I think I will most likely be going for the elcs. In an ideal world this would not be my choice, similarly to first time. I did hypnobirthing, which was brilliant at reducing anxiety in pregnancy the first time, and the breathing helped a great deal. However.. what I learnt the first time was that unfortunately, you can just be very unlucky. In the situation of PROM, where your waters break early, there really is no longer any option of an intervention free birth. So I was immediately plunged down my 'worst fears' option (induction and possible assisted delivery). There is no saying this won't happen again, and in fact, I believe with my level of anxiety, I would struggle so much to be relaxed, calm etc, unless I were to have a home birth, which I can't actually have without switching hospitals (I moved out of area because I didn't want any triggers from my previous birth).

I did have a birth debrief. The hospital were great really. The anaesthetist also came to apologise regarding the epidural problem. However at the time of the de-brief we still didn't know if our sons nerve damage would recover, and I was nowhere near better yet - in some ways I feel I would benefit more from it now. I don't know why I had such issues with my episiotomy wound, for example. I was told that the doctor who performed the delivery and stitches was training, but I can't tell if that had anything to do with it. I feel a bit pathetic, but I am aware that is a pointless and unhelpful feeling.

I think I do still have PTSD, it went away but came back as soon as we discussed having another baby. I don't know if/how I would get over it if I were to have another injured baby. I lost our last baby (pregnancy) in a miscarriage last summer, on my own due to Covid. I don't really feel as if I got over that very well, or ever will. Around the same time a close family member almost lost her baby at full term, and a friends baby was stillborn. This has all contributed to my anxiety.
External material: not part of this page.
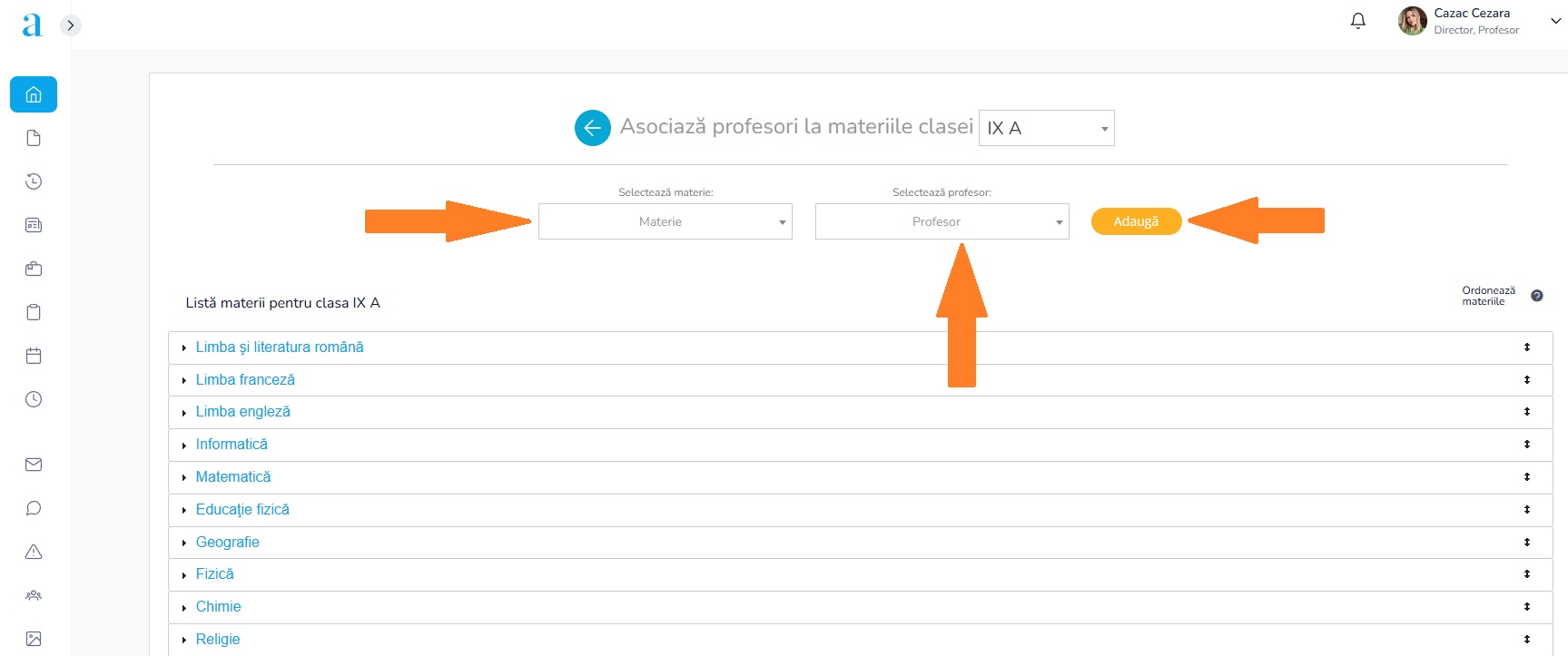 4. Selectați o Materie și un Profesor, iar ulerior apasă butonul Adaugă;

I think for the sake of my mental health, and for that of my lovely husband, who watched our DS be born and whisked away, and thought he was dead, the elcs is probably the right thing to do. We only ever wanted two DC and I am blessed with a supportive partner and nearby family.

Thank you again for all your advice.

OP posts:
WashableVelvet · 10/03/2021 12:14

I had Rewind therapy for the PTSD which was really helpful (and quick!)